4.6 Access to records. Upon CEPI’s request, the Partner shall make available (and shall procure that its Sub-Contractors make available) to CEPI all records generated in connection with any Work Package of the Project (except for any records which at the time of the request should remain blinded to CEPI in the interests of the integrity of a clinical trial).

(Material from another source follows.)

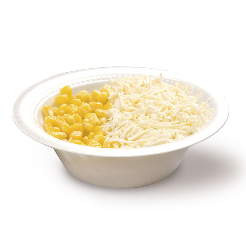Maicitos con maíz tierno desgranado, mantequilla, queso blanco, tocineta, papa ripio, salsa Rapidogs.
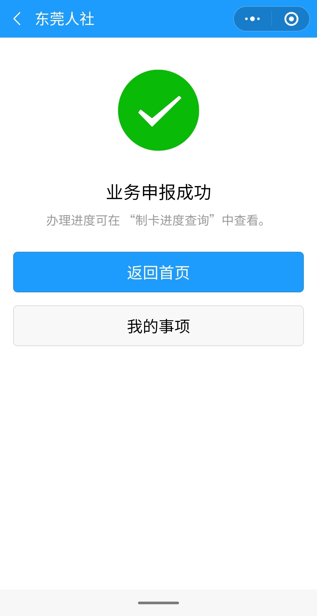 打开微信进入“东莞社保”公众号,点击“社保服务”-“业务办理”-“社保卡业务”-“社保卡申请”。

4.7 Accuracy of data. The Partner shall use Reasonable Effort to ensure that the Data it maintains and reports to CEPI and the JMAG [Joint Monitoring and Advisory Group], are complete, reliable, accurate and not misleading. The provisions in this Clause 4 shall apply mutatis mutandis to Additional Work Packages and Additional Work Package Statements.
9. Clinical Trials
9.4 Data. CEPI may engage one or more Assessors to perform certain assessments and/or meta-analyses of data (at CEPI’s cost) to provide CEPI with directly comparable assessments of equivalent vaccines produced by CEPI’s portfolio of vaccine platforms. The results of the data analysis or other assessments will be subject to the confidentiality and data protection obligations and the limitations of the Public Health License under this Agreement. Upon request, CEPI will provide the results of such data analysis as regards their own data to the Partner. To enable CEPI or its Assessors to conduct such analyses, subject to specific Work Packages, the Partner agrees to take Reasonable Efforts as follows:
9.4.1. to provide data or other information generated by Partner under this Agreement to CEPI’s designated Assessor as CEPI shall request, including without limitation, data regarding CMC, formulation or the results of any of its pre-clinical or clinical trials (duly anonymized and, upon CEPI’s request, blinded);
9.4.2. to provide CEPI’s designated Assessor with other data (duly de-identified and, upon CEPI’s request, blinded) from the Development as CEPI may reasonably request in order to conduct comparative assessments and meta-analyses thereof;
9.4.3. to include language in the informed consent forms used in connection with the use of data or the collection of samples from which such data is derived, granting permissions for such data (duly de-identified) to be used for the purposes indicated in this Clause 9, and also that all such informed consent forms have been approved by any and all appropriate ethical committees or institutional review boards; and
9.4.4. to obtain informed consent from the human subjects vaccinated with the Project Vaccines in clinical trials that gives permission for the use of data (duly de-identified and, at CEPI’s request, blinded) and for the collection of samples from which data is derived (ensure that all requisite informed consent documentation allowing the provision, transportation, use and analysis of data by CEPI or its designated Assessors as indicated in this Clause 9; and also that all such informed consents satisfy the requirements of any and all appropriate ethical committees or institutional review boards.
The provisions in this Clause 9 shall apply mutatis mutandis to Additional Work Packages and Additional Work Package Statements.